Deep space exploration is firmly within reach, but health decline during extended spaceflight remains a key challenge. In this study, we performed comparative transcriptomic analysis of Caenorhabditis elegans responses to varying degrees of hypergravity and to two spaceflight experiments (ICE-FIRST and CERISE). We found that progressive hypergravitational load concomitantly increases the extent of differential gene regulation and that subtle changes in ∼1,000 genes are reproducibly observed during spaceflight-induced microgravity. Consequently, we deduce those genes that are concordantly regulated by altered gravity per se or that display inverted expression profiles during hypergravity versus microgravity. Through doing so, we identify several candidate targets with terrestrial roles in neuronal function and/or cellular metabolism, which are linked to regulation by daf-16/FOXO signaling. These data offer a strong foundation from which to expedite mechanistic understanding of spaceflight-induced maladaptation in higher organisms and, ultimately, promote future targeted therapeutic development.
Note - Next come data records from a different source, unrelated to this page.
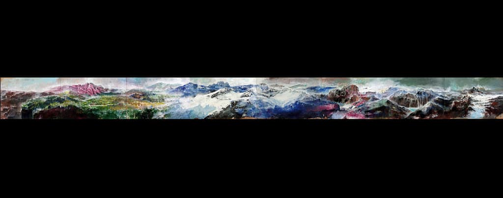 montagne con autore -2015- olio e acrilico su tela 220×370 cm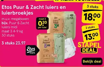 De prijs van de Etos Puur & Zacht lui luierbroekjes ers en kan ook teruggevonden worden hierboven op de pagina, samen met de datum van wanneer de aanbieding beschikbaar is. Ook kun je de prijzen in de huidige Etos folder of op de Etos website controleren. De aanbiedingen verzekeren je van het kopen van de Etos producten voor de laagste prijs.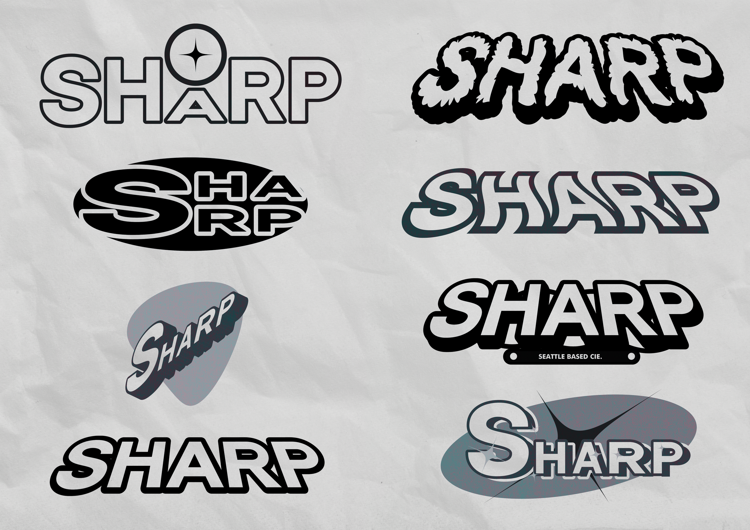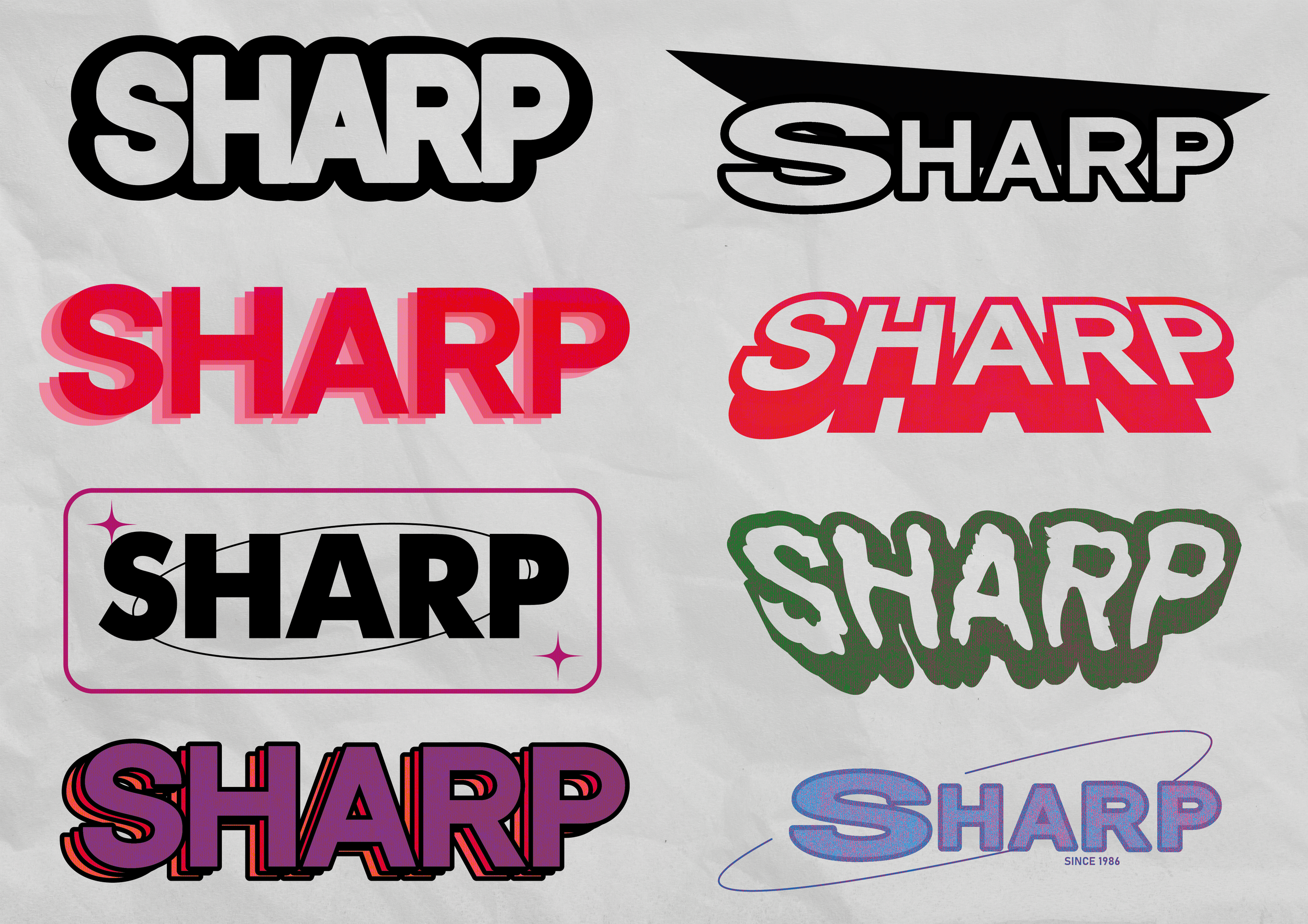 Creation of logotypes with the word ”Sharp”, in different styles for multiple use and various brands.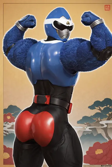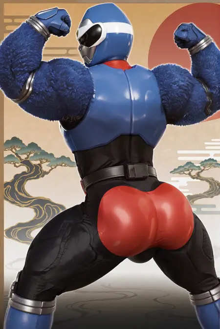 s4ru brother, thick thighs, arm fur, helmet, belt, armor, tokusatsu, boots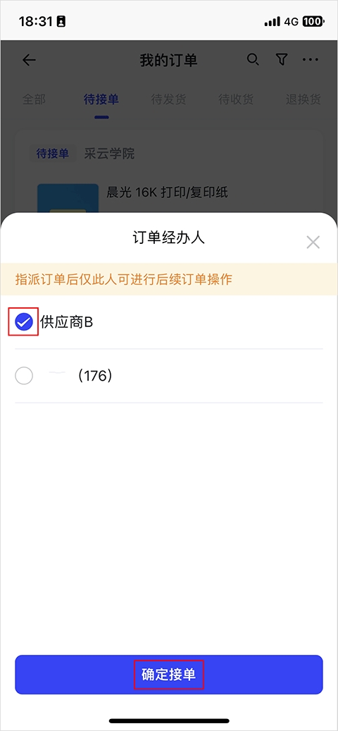 采购人发起订单后,供应商根据实际情况接单或拒绝接单。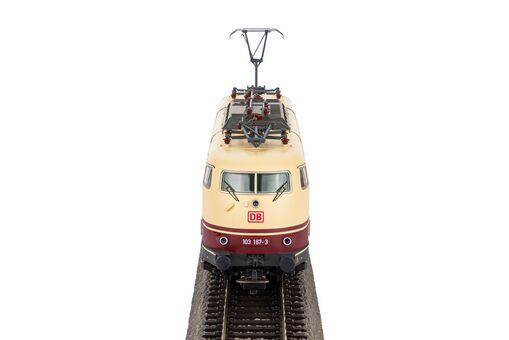 Neuheit 2023: Formvariante der BR 103 als kurze Ausführung der DB AG in Epoche V. Auch über 50 Jahre nach ihrem Erscheinen gehören die legendären Kultlokomotiven der BR 103 dank ihres zeitlosen Erscheinungsbildes zu den optischen Highlights auf deutschen Bahnstrecken und sorgen für viel Aufmerksamkeit. Das Modell überzeugt gleichermaßen durch einen schweren Metalldruckgussrahmen mit fein detailliertem Gehäuse, feinste Lackierung und Bedruckung und filigranen Metall-Pantographen. Der fünfpolige, kugelgelagerte Motor sorgt mit zwei Schwungmassen für ausgezeichnete Fahreigenschaften. Der LED-Lichtwechsel erfolgt fahrtrichtungsabhängig weiß/rot und ist wie die Führerstandsinnenbeleuchtung mit dem werkseitig integrierten PluX22-Decoder digital schaltbar. Das Modell verfügt zudem über einen Lautsprecher mit größtmöglicher Membranfläche für optimale Sounderlebnisse. Bremsschläuche zum Nachrüsten liegen bei. Lok in authentischer Farbgebung der Epoche V mit ausgeblichenen Stellen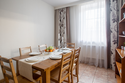 На первом этаже особняка расположена просторная гостиная с мягкой мебелью и электрическим камином, большим TV и обеденной зоной. В вашем распоряжении полностью оборудованное кухонное пространство, со всей необходимой бытовой.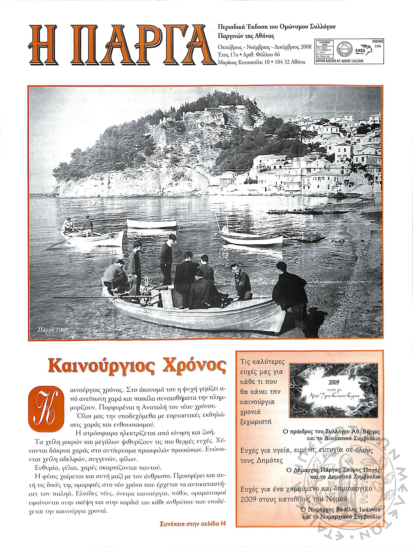 Η Πάργα: περιοδική έκδοση του ομώνυμου Συλλόγου Παργινών της Αθήνας, 2008, φ. 66Έτος 17ο, αρ. φ. 66...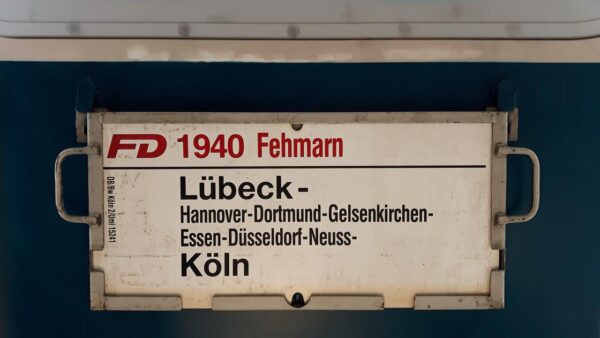 Dieser FD hatte einen Kurswagen der ab Lübeck nach Kiel fuhr,da das passende Schild nicht zur Verfügung stand,hat ein“guter Geist“ das neue Zielwort Kiel als Schablone ergänzt.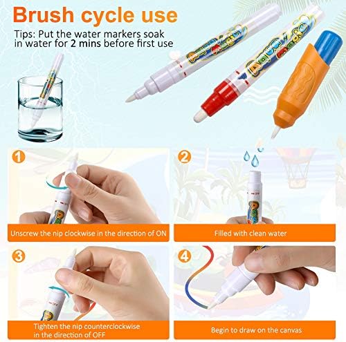 HOW TO CREATE PICTURES —- 1.Open the pen cap 2.fill in water 3.close the cap 4.Start doodle. For easy to get a drawing, children can refer to the pattern of the manual for painting or use a template to paint.

深空探索是绝对可以实现的，但是长时间太空飞行期间健康状况下降仍然是关键挑战。在这项研究中，我们进行了秀丽隐杆线虫对不同程度的超重力反应以及对两个航天实验（ICE-FIRST和CERISE）的反应的转录组分析。我们发现，渐进式超重力负荷会同时增加差异基因调控的程度，并且在航天诱导的微重力作用下可重复观察到约1,000个基因的细微变化。因此，我们推论了那些受到重力改变本身一致调节的基因或在超重力与微重力之间显示反向表达谱。通过这样做，我们确定了几个在神经元功能和/或细胞代谢中具有陆地作用的候选靶标，这些靶标与daf-16 / FOXO信号的调控有关。这些数据为加快对高等生物中由航天引起的适应不良的机理的理解提供了坚实的基础，并最终促进了未来靶向治疗的发展。